In summary: Yes, using Hess' Law, the standard enthalpy of formation for water vapor would be higher than the standard enthalpy of formation for liquid water. This is because the heat released during the reaction in post #5 is less than the heat required to condense one mole of water vapor to form liquid water in post #6. Therefore, the answer to the question in post #1 is (A) -480.7 kJ/mol.In summary, using Hess' Law, it can be determined that the standard enthalpy of formation for water vapor is higher than the standard enthalpy of formation for liquid water.
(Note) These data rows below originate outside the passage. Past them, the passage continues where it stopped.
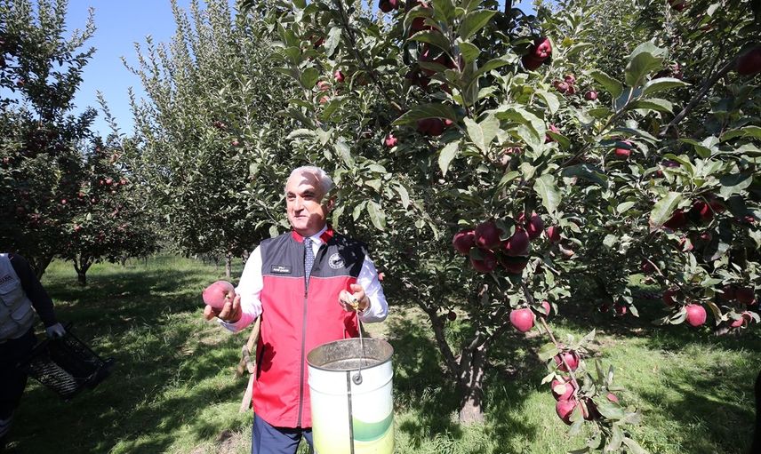 Tarım ve Orman İl Müdürlüğü tarafından düzenlenen törene katılan Muş Valisi Avni Çakır, ağaçlardan elma topladı ve işçilerle sohbet etti.
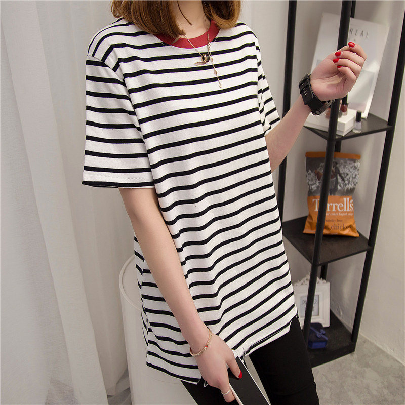 / 打底衫女上衣條紋短袖t恤女寬松體恤韓版學生春季時尚新款潮
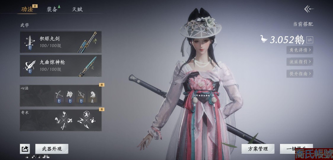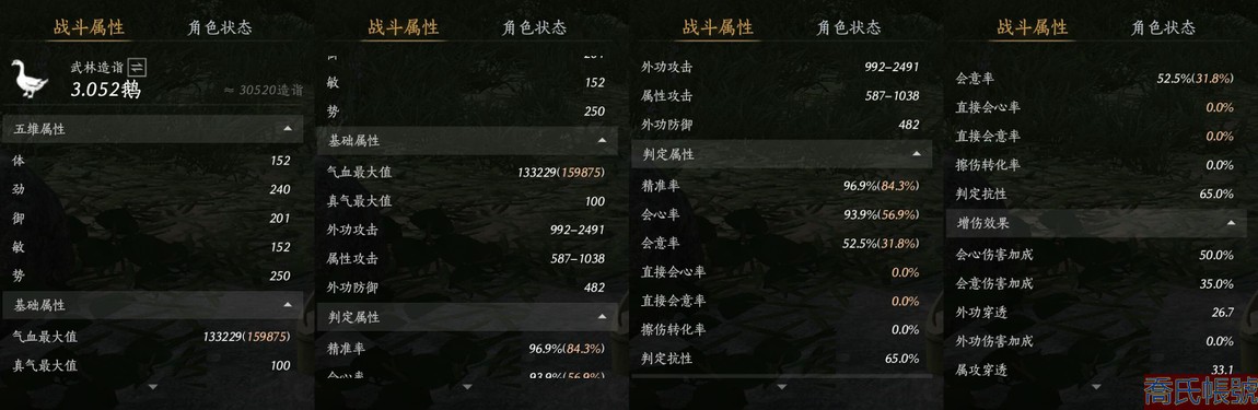 【11等】等級100,風華值3020,武林造詣3.052鵝,清河探索4級,開封探索4級,
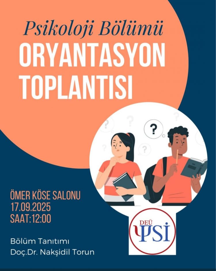 Dokuz Eylül Üniversitesi Psikoloji Bölümü’ne yeni katılan öğrencilerimizin üniversite yaşamına ve akademik süreçlere uyumlarını kolaylaştırmak amacıyla düzenlenen “Oryantasyon Toplantısı”, 17 Eylül 2025 tarihinde gerçekleştirilmiştir. Ömer Köse Salonu’nda saat 12.00’de başlayan etkinlikte, Doç. Dr. Nakşidil Torun tarafından yapılan bölüm tanıtımı ile öğrencilere müfredat, akademik beklentiler ve bölümün sunduğu olanaklar hakkında kapsamlı bilgiler aktarılmıştır. Öğrencilerin sorularının yanıtlanmasıyla devam eden toplantı, yeni akademik yıl için başarı dilekleriyle sona ermiştir.
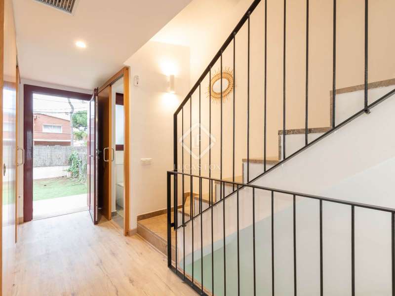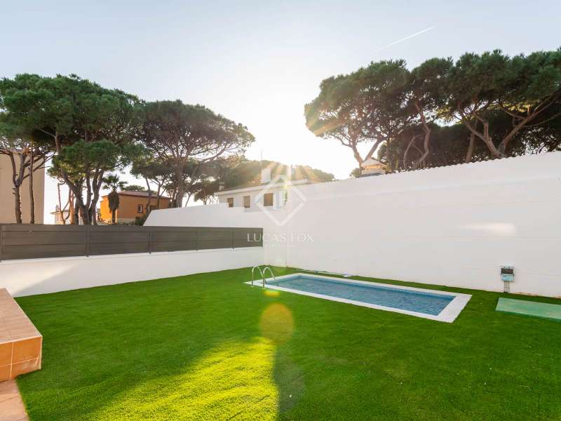 Lucas Fox presents this exclusive, recently renovated townhouse located just one block from the beach in La Pineda, Castelldefels. Thanks to its privileged orientation, it enjoys abundant natural light. It also enjoys great privacy and spaciousness, with rooms connected by glass doors to the exterior. The property boasts a generous 200 m² plot , with a large private garden with a swimming pool and lawn, ideal for relaxing and enjoying the weather. Inside, this modern property features three bedrooms, each with its own private bathroom. Each bedroom has been carefully designed for comfort, with high-quality finishes that enhance the property's elegance. The day area features a living-dining room with a Exterior glass door . The kitchen is separate and fully equipped. There is also a practical storage room and an underground garage for added convenience. Its privileged location in one of the most coveted areas of La Pineda allows you to enjoy tranquility and proximity to the sea. Contact us for more information.

This is due to the fact that more heat is released when reacting hydrogen and oxygen to form water compared to the
  • #1
brake4country
216
7

Homework Statement


The standard enthalpy of formation for liquid water is:
H2 = 1/2O2→H2O ΔHf=-285.8 kJ/mol
Which of the following could be the standard enthalpy of formation for water vapor?
(A) -480.7 kJ/mol
(B) -285.8 kJ/mol
(C) -241.8 kJ/mol
(D) +224.6 kJ/mol

Homework Equations


NA

The Attempt at a Solution


The equation above shows that condensation occurs, which is an exothermic process giving a negative ΔH. Perhaps I am not understanding the question because how can the standard enthalpy of formation of water vapor be determined from the above equation?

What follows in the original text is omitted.